Виктор Казаков - Конец света
В девять утра включились установленные на угловых зданиях радиодинамики. К микрофону на сцене подошел Петр Иванович Мыслюков – в новом костюме и с яркой гвоздичкой в правой руке. Оркестр по нотам проиграл несколько тактов «Торжественной сюиты», прошедшей ночью специально ко Дню города сочиненной учителем музыки школы номер девять Валерием Захаровичем Романенко, после чего динамики голосом помощника главы администрации, заикаясь от восторга, объявили: «Сейчас перед вами выступит мэр нашего города Петр Иванович Мыслюков!». Динамики некоторое время хрипели – на сцене, наверно, что-то не заладилось с микрофоном, – но через несколько секунд над площадью все-таки раздался знакомый голос:
– Дорогие горожане! Поздравляю вас с праздником – Днем города! Наш славный город…
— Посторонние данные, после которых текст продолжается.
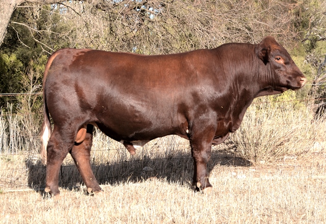 A lovely slick coated, dark red bull with above average growth, marbling and fat data. Top 25% EMA, Fat, Stayability, Top 30% Carcase Wt, Weaning Wt. 42kg born.
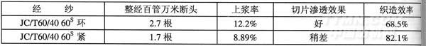 另外為了驗證該裝置生產的緊密紗線的實用效果,我們在Zex-e噴氣織機上試織過JC/T60/4060s×60S173×(59+59)117cm緞條,其結果如下表:(注:緯紗為JC/T60/4060S環)
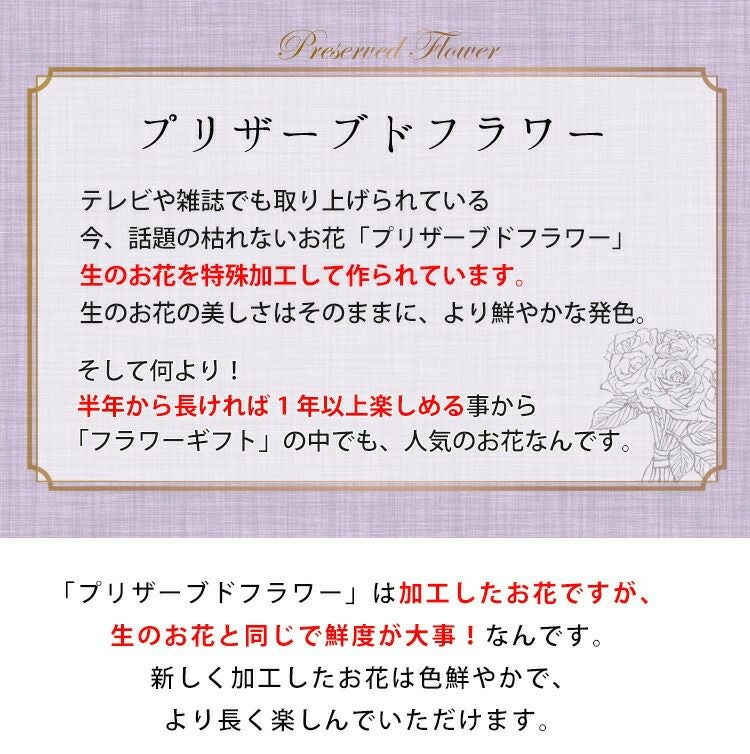 他の画像を見る 即日発送 送料無料 誕生日 プリザーブドフラワー ブライダルギフトやオシャレな方への贈り物に◎ プリザーブドフラワー ガラスドーム バブルドーム LUMIE -ルミエ 当店特別価格 ¥ 4,780 税込 会員価格あり Web会員様特別価格 ¥ 4,541 税込 詳細を見る お気に入りに登録する
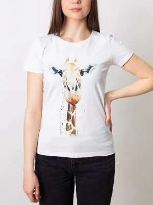 Футболка Жираф - Купить с доставкой по России в магазине Bullfinch. Приталенные футболки, Женская одежда. Гипоаллергенные краски. Премиальное качество. Размеры: L, XL, XXL
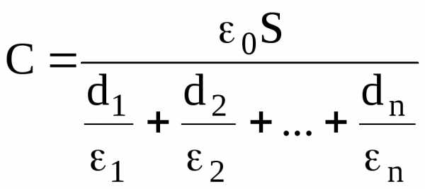 Электроемкость плоского конденсатора, заполненного n слоями диэлектрика толщиной di и диэлектрической проницаемостью i каждый (слоистый конденсатор), составляет

Близоруко наклонив голову к согнутым в локтях рукам, в которых были бумаги, мэр несколько минут читал о достижениях города «в области промышленности, сельского хозяйства и в социальной сфере». Никто из ободовцев в достижения в этих «сферах» не верил (сельского же хозяйства, как все знали, в городе вообще не существовало), поэтому речь все слушали сначала плохо, а потом и вовсе не слушали.
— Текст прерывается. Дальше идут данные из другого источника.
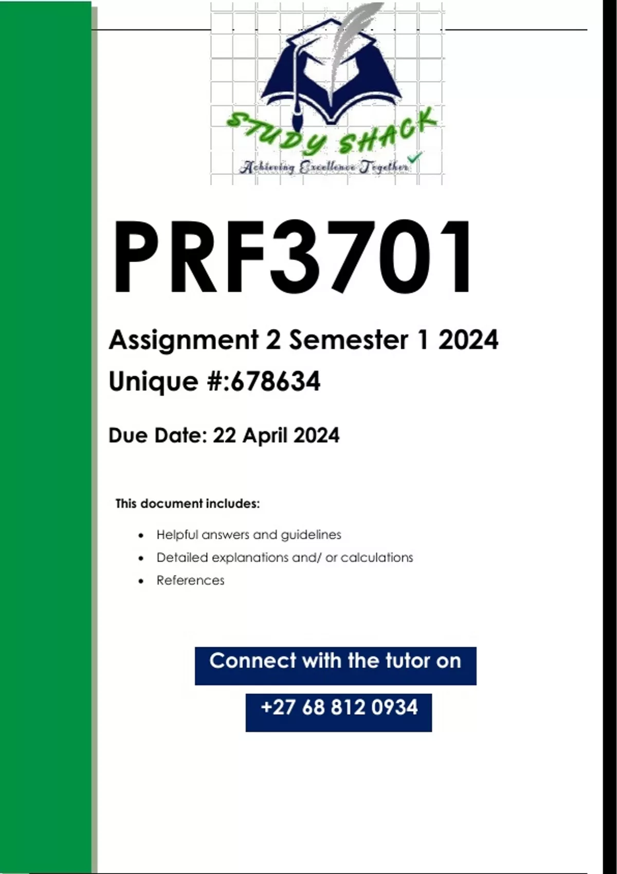 This document contains workings, explanations and solutions to the PRF3701 Assignment 2 (QUALITY ANSWERS) Semester 1 2024. For assistance call or us on 0.6.8..8.1.2..0.9.3.4..... QUESTION 1 Explain in your own words in three sentences for each concept, what the 1. following concepts mean, provide an in-text reference from any source for each of them, where these are discussed. 1.1 Ubuntu (5) 1.2 Individual — and situational moderators (5) 1.3 Theory in the criminal justice field (5) 2 Summarise Lesson 1 by focusing on the three aspects indicated below. Write five sentences for each aspect: 2.1 What is the core of Jean Piaget's theory of cognitive-developmental theory to moral development. (10) 2.2 How implementable is Lawrence Kohlberg's three levels of moral development in the South African context? Motivate your answer. (10) 3 Road Story 2 in Lesson 2 attentively and apply it to the following. 3.1 Explain in your own words what the concepts ego strength, field dependence and locus of control mean. (15)
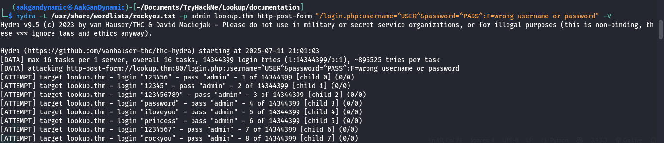 hydra -L /usr/share/wordlists/rockyou.txt -p admin lookup.thm http-post-form "/login.php:username=^USER^&password=^PASS^:F=wrong username or password" -V

(Заметим в скобках. К словам Петра Ивановича в те минуты внимательно прислушивался только один человек – Григорий Минутко. Когда два дня назад мэр попросил написать ему выступление ко Дню города, редактор специально поручил это дело Пете Наточному. Петя, не утруждая себя лишней работой, составил речь, списав абзацы со старых страниц «Правды», подшивка которой хранилась в архиве редакции, и только заменил в абзацах чужие фамилии и цифры на ободовские фамилии и цифры. «Сельское хозяйство» по торопливости не вычеркнул… Григорий Минутко, прогуливаясь сейчас по окраине площади, внимательно следил за усиленными динамиками словами мэра, восторгался находчивостью Пети Наточного, от удовольствия покачивал головой и про себя комментировал речь нецензурными словами).
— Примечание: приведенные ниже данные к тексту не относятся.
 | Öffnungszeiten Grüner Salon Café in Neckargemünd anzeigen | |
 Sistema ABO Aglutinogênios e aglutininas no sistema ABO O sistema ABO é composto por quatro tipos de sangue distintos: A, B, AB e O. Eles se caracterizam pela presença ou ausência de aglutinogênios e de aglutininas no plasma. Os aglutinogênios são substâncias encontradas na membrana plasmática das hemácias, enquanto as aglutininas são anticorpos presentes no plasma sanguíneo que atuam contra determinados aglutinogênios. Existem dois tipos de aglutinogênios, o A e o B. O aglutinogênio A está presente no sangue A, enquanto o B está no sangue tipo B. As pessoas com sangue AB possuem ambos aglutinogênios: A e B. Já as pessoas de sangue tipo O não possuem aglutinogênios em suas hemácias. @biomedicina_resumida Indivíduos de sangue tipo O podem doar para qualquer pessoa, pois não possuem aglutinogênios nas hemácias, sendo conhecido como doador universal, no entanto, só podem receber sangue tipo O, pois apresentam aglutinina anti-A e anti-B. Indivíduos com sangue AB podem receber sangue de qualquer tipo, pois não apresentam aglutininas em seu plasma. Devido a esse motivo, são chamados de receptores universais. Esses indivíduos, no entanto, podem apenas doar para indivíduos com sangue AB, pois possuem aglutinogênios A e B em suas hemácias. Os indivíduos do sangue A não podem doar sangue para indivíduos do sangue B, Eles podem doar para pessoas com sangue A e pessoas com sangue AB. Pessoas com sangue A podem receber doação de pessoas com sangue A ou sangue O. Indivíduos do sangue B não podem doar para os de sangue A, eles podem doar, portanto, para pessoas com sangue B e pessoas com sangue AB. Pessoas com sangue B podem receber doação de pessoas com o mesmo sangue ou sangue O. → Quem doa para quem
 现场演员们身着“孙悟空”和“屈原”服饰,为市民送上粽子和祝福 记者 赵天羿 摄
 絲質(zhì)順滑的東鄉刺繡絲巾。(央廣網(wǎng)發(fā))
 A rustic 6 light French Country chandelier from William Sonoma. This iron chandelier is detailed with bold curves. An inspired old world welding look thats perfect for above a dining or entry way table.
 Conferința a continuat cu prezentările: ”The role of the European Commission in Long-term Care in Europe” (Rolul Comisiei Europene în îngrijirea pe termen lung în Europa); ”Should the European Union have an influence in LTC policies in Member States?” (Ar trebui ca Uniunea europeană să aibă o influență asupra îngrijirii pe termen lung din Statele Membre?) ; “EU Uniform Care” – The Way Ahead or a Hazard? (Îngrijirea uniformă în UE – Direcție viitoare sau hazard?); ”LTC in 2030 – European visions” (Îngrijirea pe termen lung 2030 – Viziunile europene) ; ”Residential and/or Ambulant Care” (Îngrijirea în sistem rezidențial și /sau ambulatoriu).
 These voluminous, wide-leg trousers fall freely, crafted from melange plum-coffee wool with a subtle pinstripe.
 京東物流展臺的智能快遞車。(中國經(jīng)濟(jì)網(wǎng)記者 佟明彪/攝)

Закончив выступление, Мыслюков в сопровождении узкой группы единомышленников поспешил в здание администрации. К этому времени в кабинете заместителя мэра по оргвопросам Торобова уже был накрыт длинный стол: стояли водка, коньяк, шампанское, на закуску – красная икорка, заливной поросенок, салаты, соленья… Список тех, кто имел право сесть за праздничный стол, был своевременно составлен самим Петром Ивановичем. В этом списке под номером двадцать восемь значился и Григорий Васильевич Минутко, но помощник мэра в нужный момент отыскать редактора на площади не смог.
В десять утра у свободного постамента вождю революции бухгалтер-кассир Квитко, накануне закрывший в банке счет фонда «Телескоп», сидел на маленькой табуретке за столиком и, то и дело открывая уже знакомый читателям небольшой железный ящичек с деревянной ручкой, раздавал деньги. При этом он делал аккуратную отметку в лежавшей перед ним бумаге и просил расписываться «в получении». Рабочий швейного комбината Коля Топалов, по случаю выходного дня уже выпивший дома не только банку капустного рассола, получив свой вклад одним из первых, взобрался на постамент и произнес начало, как видно, только что пришедшей в его голову речи: «Мы с моей законной женой Зиной Комчатской благодарим…». Но Колю тотчас же убрал с постамента стоявший рядом с Квитко еще трезвый старослужащий милиционер Хренов, который, во-первых, не был уверен, что Коля до конца своей речи сохранит на постаменте равновесие, во-вторых, вместе с другими милиционерами перед выходом на дежурство он получил строгий наказ майора Ялового «пресекать всякую политику». Милиционер Хренов почему-то не сомневался, что Коля в своей речи обязательно провозгласит что-либо политически неблагонадежное.
Начало работы на площади бухгалтера-кассира Квитко и петросяновского выездного буфета по времени совпали, так что у ободовцев было на что купить первые – самые подрумяненные, в меру мягкие, еще шипевшие горячим жиром молодых баранчиков! – шашлыки. Ну, а чтобы, не дай Бог, в такой день не испытать отсутствие аппетита… у «выездного буфета» глухие звуки переворачиваемых на мангале шампуров все чаще стали сопровождаться гусарским звоном стаканов и рюмок.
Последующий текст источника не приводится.